§ **TASK TO COMPLETE**
Repeat the data in full and exactly. Leave the pictures out.

§ **MATERIAL PROVIDED**
##############################

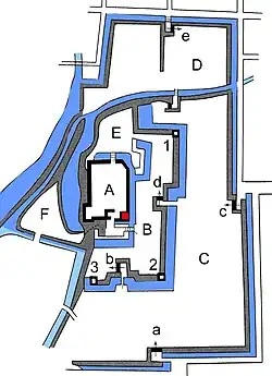Die Burg ist in drei der Höhe nach gestaffelten Hauptbereiche gegliedert: Von unten nach oben sind das der dritte Burgbereich (三の丸, San-no-maru; C), der zweite Burgbereich (二の丸, Ni-no-maru; B) und der innere Burgbereich (本丸, Hommaru; A). Dem untersten Bereich sind vorgelagert der vierte Burgbereich (四の丸, Yon-no-maru; D) im Norden und der West-Burgbereich (西の丸, Nishi-no-maru; E). Der zweite Burgbereich wird im Norden ergänzt durch den inneren Nordbereich (内北門 Uchikita-no-maru; F).
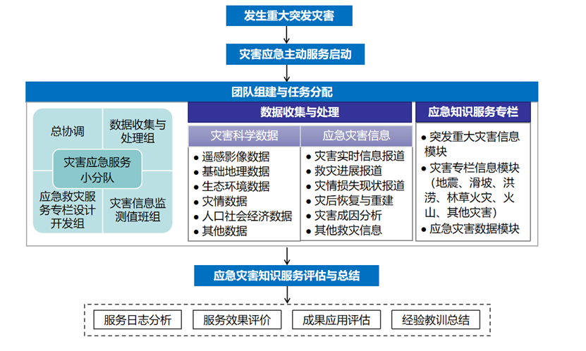 制定“灾害应急知识服务规范”,建立一套系统化、标准化的灾害应急知识服务工作体系。该规范主要针对重大自然灾害发生时的应急知识服务工作,旨在为灾害应急主动知识服务的全流程提供科学指导,包括服务的快速启动、规范实施、全面总结和持续改进等关键环节。
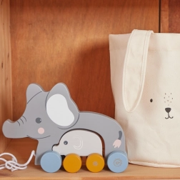 Questo elegante giocattolo da traino del marchio Bieco porta ai bambini la gioia del movimento e della scoperta. Elefante grande e piccolo su ruote stabili scorrono facilmente e, grazie al cordino in cotone, i bambini possono portarli comodamente ovunque. Il piccolo elefantino nascosto può essere estratto con semplicità e usato separatamente.
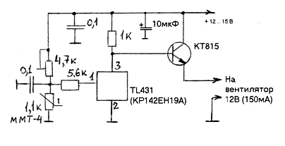 После длительной работы в спорадических метеорах, с соотношением прием-передача 1:1, я задался целью создать надежное устройство управления вентилятором, следящее за температурой теплоотвода транзисторного усилителя мощности. Первой мыслью было: взять операционный усилитель и включить его по схеме компаратора. Но потом пришла мысль использовать стабилизатор TL431 (наш аналог КР142ЕН19А √ стоит дороже), при этом осталось только найти подходящий терморезистор. Единственное что нашел, терморезистор ММТ-4 1,1 кОм, Сделал делитель напряжения , причем подстроечником можно регулировать температуру срабатывания устройства. При понижении напряжения на входе TL431 (1 вывод) ниже 2,5В, стабилизатор закрывается и открывается транзистор. При креплении терморезистора на охлаждаемый теплоотвод применять термопасту (КПТ-80, и желательно защитить терморезистор от прямого попадания воздуха от вентилятора. Применен вентилятор от импортных импульсных блоков питания.

##############################

§ **WRITTEN SOLUTION**
Die Burg ist in drei der Höhe nach gestaffelten Hauptbereiche gegliedert: Von unten nach oben sind das der dritte Burgbereich (三の丸, San-no-maru; C), der zweite Burgbereich (二の丸, Ni-no-maru; B) und der innere Burgbereich (本丸, Hommaru; A). Dem untersten Bereich sind vorgelagert der vierte Burgbereich (四の丸, Yon-no-maru; D) im Norden und der West-Burgbereich (西の丸, Nishi-no-maru; E). Der zweite Burgbereich wird im Norden ergänzt durch den inneren Nordbereich (内北門 Uchikita-no-maru; F).
 制定“灾害应急知识服务规范”,建立一套系统化、标准化的灾害应急知识服务工作体系。该规范主要针对重大自然灾害发生时的应急知识服务工作,旨在为灾害应急主动知识服务的全流程提供科学指导,包括服务的快速启动、规范实施、全面总结和持续改进等关键环节。
 Questo elegante giocattolo da traino del marchio Bieco porta ai bambini la gioia del movimento e della scoperta. Elefante grande e piccolo su ruote stabili scorrono facilmente e, grazie al cordino in cotone, i bambini possono portarli comodamente ovunque. Il piccolo elefantino nascosto può essere estratto con semplicità e usato separatamente.
 После длительной работы в спорадических метеорах, с соотношением прием-передача 1:1, я задался целью создать надежное устройство управления вентилятором, следящее за температурой теплоотвода транзисторного усилителя мощности. Первой мыслью было: взять операционный усилитель и включить его по схеме компаратора. Но потом пришла мысль использовать стабилизатор TL431 (наш аналог КР142ЕН19А √ стоит дороже), при этом осталось только найти подходящий терморезистор. Единственное что нашел, терморезистор ММТ-4 1,1 кОм, Сделал делитель напряжения , причем подстроечником можно регулировать температуру срабатывания устройства. При понижении напряжения на входе TL431 (1 вывод) ниже 2,5В, стабилизатор закрывается и открывается транзистор. При креплении терморезистора на охлаждаемый теплоотвод применять термопасту (КПТ-80, и желательно защитить терморезистор от прямого попадания воздуха от вентилятора. Применен вентилятор от импортных импульсных блоков питания.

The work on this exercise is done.